He handed me the car keys.
“I'll see you later,” he said, kissing me on the cheek.
“Yeah.”
 
“Wait! Wait!” I hollered at Benji's back. I'd run—not in an inconspicuous trot, but in a full dash as if the very air I was breathing depended upon it—out the doors by my seat, down the stairs, through the lobby, and out into the parking lot to catch him. I was out of breath and sweating, my hair had come loose and I realized I'd left my purse in my seat, but I was still running.
Benji stopped.
“Wait,” I said, reaching out to grab him as I fought to keep my breath. “Wait.”
He turned to me.
“Is ... he ... here?” I managed. “Dame?”
“He's waiting for you,” he said, “by the river.”
 
They called it Princess Pale Moon's Throat. A secluded, untouched corner of the Black Warrior River where a gentle stream created by rolling hills beneath the fall line separating the upper part of the river from the lower part ran beneath canopies of maple, sweet gum, and poplar trees. Behind the trees, a mixture of sand, gravel, and mud that washed up from the floor of the stream when the river ran high created a path that was just wide enough for a car to come winding down to get up close to the stream so that someone could get out and walk over to enjoy its beauty. For years, this path was known as “the Throat,” a road that led lovers to the most beautiful face Alabama had to offer—Princess Pale Moon, a Choctaw beauty who was said to be loved by more men than Mataoaka, known to most people as Pocahontas. It was the most secret place in Tuscaloosa every lover, old and young, knew about. Unlike other parts of the river, which were now largely rerouted for navigation and big business with the coal from the basin, nothing was ever built there or left along the edge of the path to let anyone know it had been discovered. And we liked it that way. So much so that if anyone arrived in a car with their lover, hoping to park and be alone in the world for a little while, and there was already another car there, the new arrivals would quickly shift into reverse and head back out onto the main road. The face was to be enjoyed alone. The secret of the place had to be kept.

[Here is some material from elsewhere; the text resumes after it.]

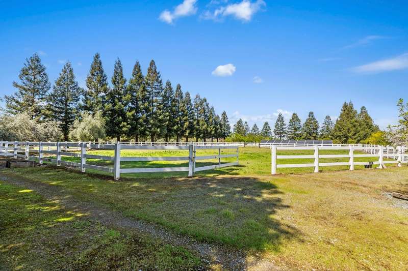 Welcome to 5000 Peach Blossom Ln - A Private, Luxury Retreat on 3.22 serene acres, single-story estate offers the perfect blend of elegance, comfort, and equestrian excellence. Built in 2003, this expansive 4,678 sq. ft. home features 5-6 bedrooms and 3.5 bathrooms with 3 distinct wings. At the heart of the home is a chef's dream kitchen, with top-of-the-line Viking appliances, a Sub-Zero refrigerator, oversized center island with sink, a separate prep sink by the cooktop, warming drawer, double ovens, and a spacious walk-in pantry. The finished 3-car garage offers ample storage, while 72 fully owned solar panels provide energy efficiency for both the home and the pool. Step outside and discover your own resort-style oasis. The oversized pool features 3 waterfalls, surrounded by lush landscaping, a peaceful koi pond, and an abundance of fruit trees. For equestrian enthusiasts, this property is truly exceptional. It features two arenas, including a 100x160 covered arena equipped with sprinklers, lighting, water, and coarse sand. The custom-designed horse barn includes covered stalls with power and water, dedicated wash bay, tack & feed room, and a full bathroom. Additional amenities include an RV pad and OID irrigation. This is more than just a home it's a rare opportunity!

When Benji said Dame was waiting by the river, I knew where to go, where to head off the main road and catch the start of the throat to lead myself to the sweet gum trees. In the clearing, where the throat turned for the last time and then a straight path led to the stream, I saw the old pickup truck. It was up on the side of the path and the driver's-side door was open. I pulled up behind the truck and turned off my engine. All around outside was silent when I got out of the car, but then a yellowhammer flitted off the top of the stream and flew up into the sky. I watched the bird disappear and then looked back at the quiet truck. I couldn't see Dame.
“You're scaring off all of the birds,” he said behind me. I didn't turn. I just laughed and shook my head.

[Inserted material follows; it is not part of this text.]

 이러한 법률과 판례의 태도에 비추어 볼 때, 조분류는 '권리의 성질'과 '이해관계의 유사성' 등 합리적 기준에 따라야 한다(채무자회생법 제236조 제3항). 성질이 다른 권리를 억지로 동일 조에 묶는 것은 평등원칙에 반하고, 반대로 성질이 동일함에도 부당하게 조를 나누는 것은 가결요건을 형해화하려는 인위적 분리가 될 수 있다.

“Maybe he's going to tell his friends I'm here,” I said.
“And maybe he already knew you'd be here, but he was too scared to approach you face to face.”
“Scared?” I turned around as I laughed. But Dame wasn't there.
“Got ya!” He poked me on the shoulder and I turned again and there he was—brown and beautiful again.
“What are you doing here?” I asked.
“I don't know. I haven't been out here since I was in high school,” he said, and we started walking toward the stream.
“Not at the Throat,” I said. “I mean, why are you in Alabama? I saw Benji at the church.”
“I know. I sent him there.”
“For what?”
“What do you think?” he asked. “I told him to go there and just see what happened. If you saw him and asked about me, then he'd tell you I was here, and if not ... it wasn't meant to be.”
“But there are thousands of people in the church. How could you know I'd see him?”
“In a room full of a million people, if there's one thing you want, you'll see it.”
“Oh, you're so sure of yourself.”
“I have reason to be.”
“Why?” I asked.
“I am who I am.”
“You're ...” I shook my head, trying to remember where I'd heard that quote in the Bible. “Exodus—”
“3:14.” He grinned, knowing I didn't expect him to know where that came from.
“That's blasphemy!” I couldn't help but grin back as I said this.
“What?”
“You're too cocky.”
“I should be cocky. I'm a black man.”
“Here we go again.”
“No. No. No.” He reached out for me, placing his hand between my arm and torso. “You want to know why I'm really cocky today?”
“Why?”
“Because I'm here with you.”
I looked away, knowing my cheeks revealed my excitement at hearing that.
He pulled me closer to the side of the stream where a big, flat rock sat right in the middle.
“Let's sit down.” He pointed to the rock, but there was a little pool of water between the dirt where we were standing and the rock.
“I'll never make it in these shoes,” I said, looking at my heels.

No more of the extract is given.